3. During the installation, were there any questions unrelated to the nature of the installation of the code you wrote? If so, was the nature of its requirements reasonably explained, and was any form of opt-out clearly labeled (i.e. not using quadruple-negatives to confuse users who would otherwise intend to opt-out)?
4. Does your software include an uninstaller that leaves the computer in a state that is indistinguishable from a computer that never had it installed in the first place?
While I agree on systemd as the default being utterly demented for Debian and a complete violation of the principle that Debian stable must be rock-solid, you can replace it with sysvinit after installation, or even before if you give the installer some configuration.
Most ACs are not even worth the keystrokes to insult them. Be generically insulted by this and ignored otherwise.
Hehehehehe. Well, sane init-systems usually manage to give you a shell so you can find out what is wrong, but systemd finds that this is beneath it as you have obviously insulted its creator by using it not exactly as was ordained.
And that is the real core of the criticism on systemd: It is a misanthropic POS, that does not respect its users one bit. Resembles its creator in that way.
Most ACs are not even worth the keystrokes to insult them. Be generically insulted by this and ignored otherwise.
Malware is software I don't want it on my machine and cannot uninstall easily.
"Easily", in this case, being using the mechanism appropriate for that particular OS. Uninstall a program dialog / apt-get uninstall / whatever.

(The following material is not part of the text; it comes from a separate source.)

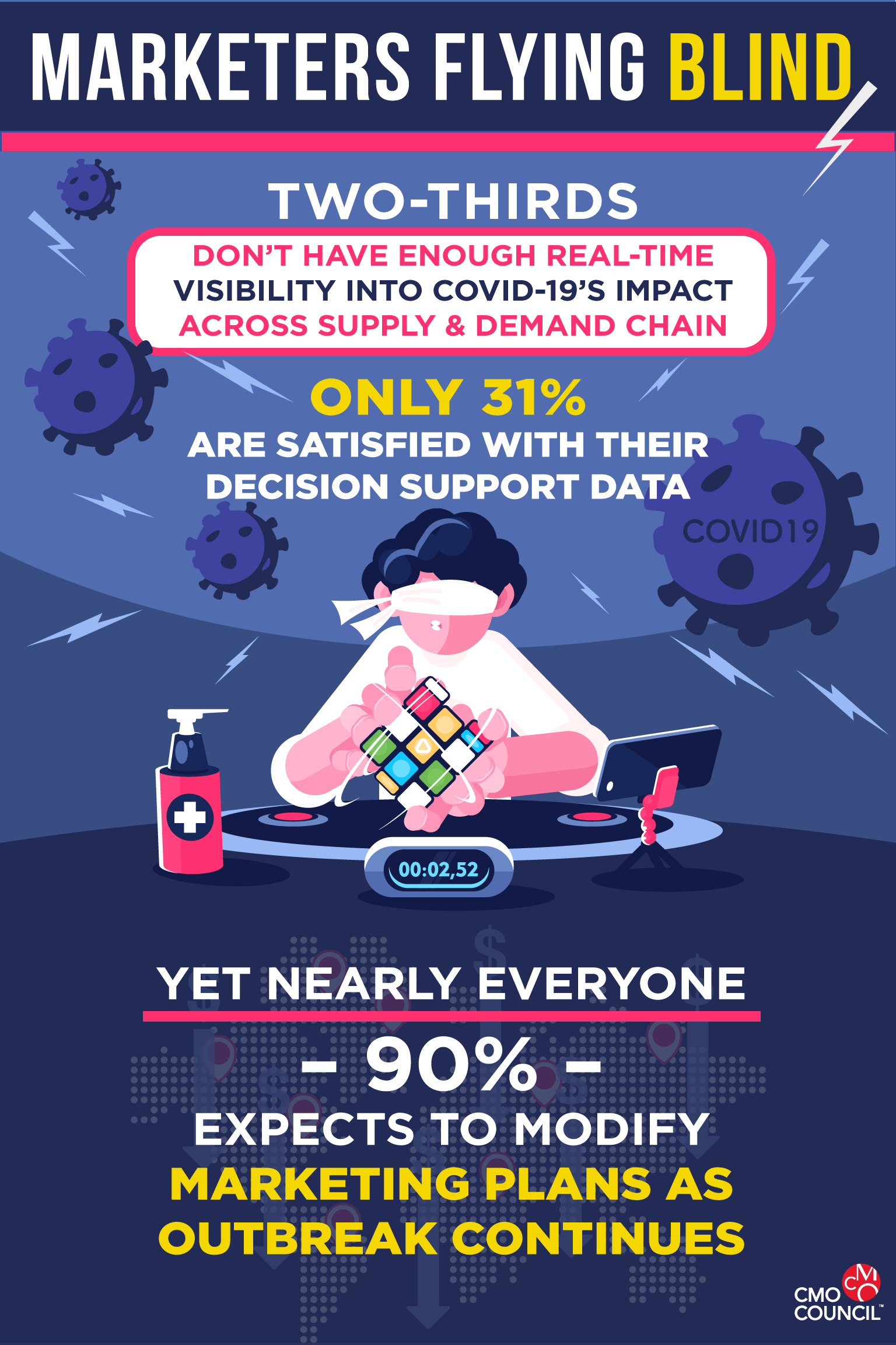 Amid the COVID-19 chaos, CMOs are largely operating in the dark, forced to make critical decisions without essential data insights to support them. Only one third of 150 global marketers report having real-time visibility and insight into the impact of the pandemic on both demand and supply channels.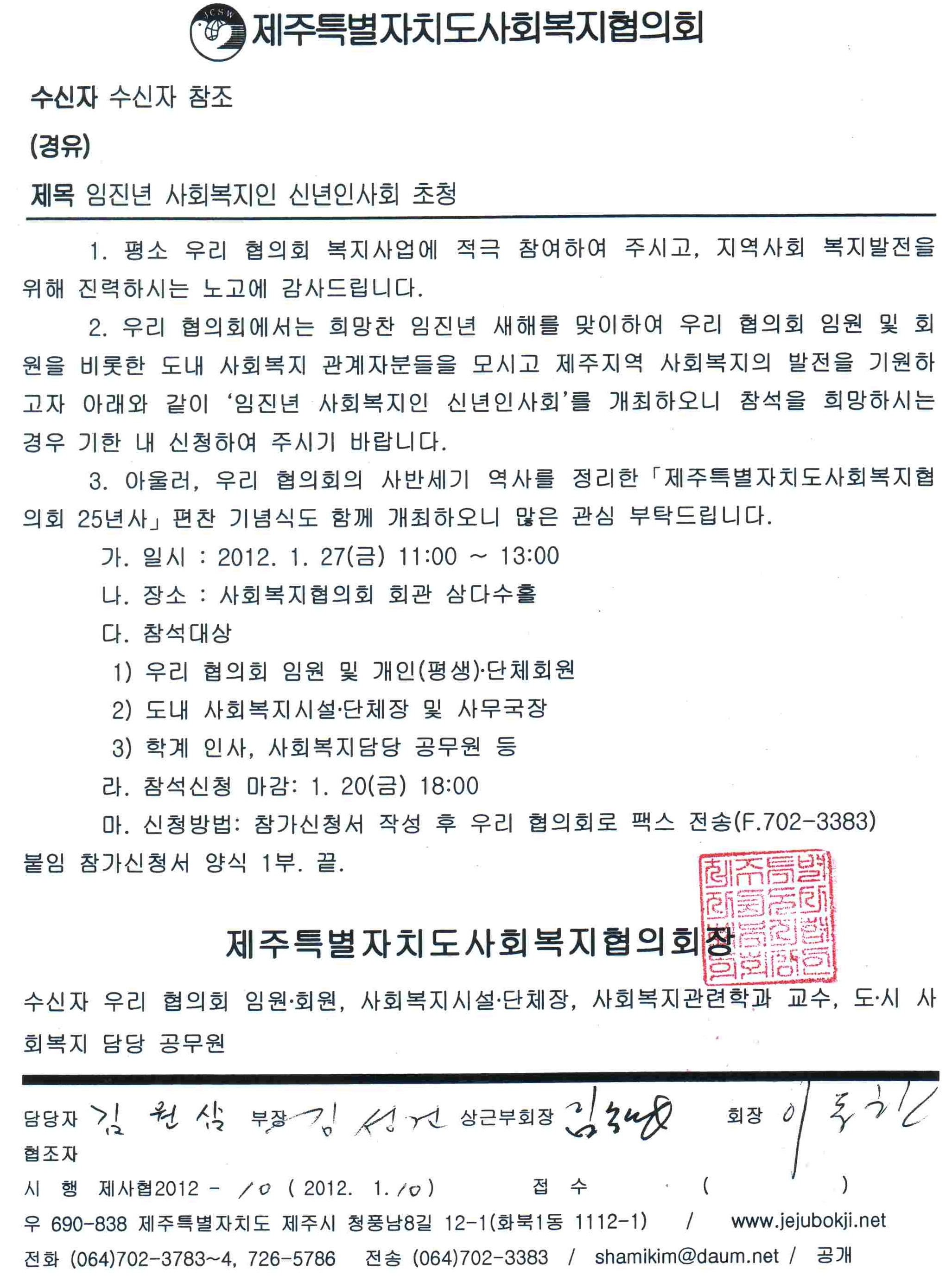 <임진년 사회복지인 신년인사회> 참가신청 안내

That's it. Crap I don't want, and can't get rid of easily. Yes, that means I may call IE is malware (it increases surface attack area on my machine, and I cannot remove it), while someone else does not.
~D
This sig has been enciphered with a one-time pad. It could say almost anything.
How do you determine whether the author KNEW the code was buggy?
...gis sdrawkcab (usually not responding to ACs; don't bother posting as AC)
Programmers and software creators will do whatever benefits them the most (and makes them money). It's a safe bet someone is paying someone to help get their spyware and other adware type crap onto our PCs in any way possible!